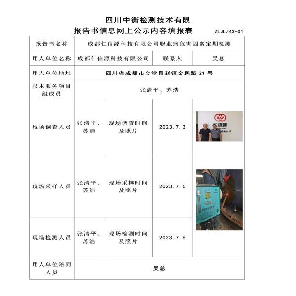 成都仁信源科技有限公司定期檢測
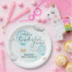 Balón de aire caliente Boys First Birthday Plates con globos de aire caliente de color azul y nubes flotantes. Wanderlust y UNmaravilloso mundo fiesta de primer cumpleaños para los chicos.
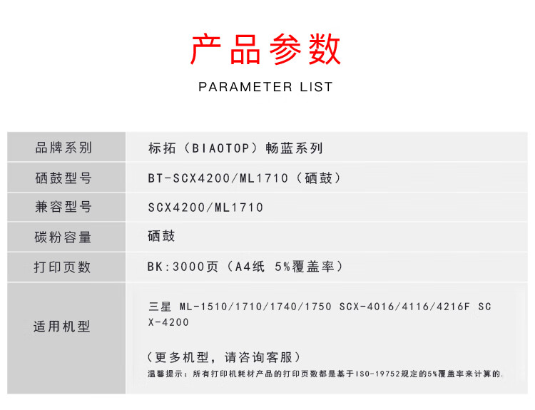 > 办公耗材 复印纸 硒鼓 > 打印耗材 > 硒鼓 > 标拓 (Biaotop) SCX4200/ML1710硒鼓适用三星ML-1510/1710/1740/1750 SCX-4016/4116SCX-4200打印机 畅蓝系列| 产品名称 : | 标拓 (Biaotop) SCX4200/ML1710硒鼓适用三星ML-1510/1710/1740/1750 SCX-4016/4116SCX-4200打印机 畅蓝系列 |

_Exercise prompt_:
Without the pictures, write out the whole listing above exactly as it appears.

_Solution to this task_:
 成都仁信源科技有限公司定期檢測
 Balón de aire caliente Boys First Birthday Plates con globos de aire caliente de color azul y nubes flotantes. Wanderlust y UNmaravilloso mundo fiesta de primer cumpleaños para los chicos.
 > 办公耗材 复印纸 硒鼓 > 打印耗材 > 硒鼓 > 标拓 (Biaotop) SCX4200/ML1710硒鼓适用三星ML-1510/1710/1740/1750 SCX-4016/4116SCX-4200打印机 畅蓝系列| 产品名称 : | 标拓 (Biaotop) SCX4200/ML1710硒鼓适用三星ML-1510/1710/1740/1750 SCX-4016/4116SCX-4200打印机 畅蓝系列 |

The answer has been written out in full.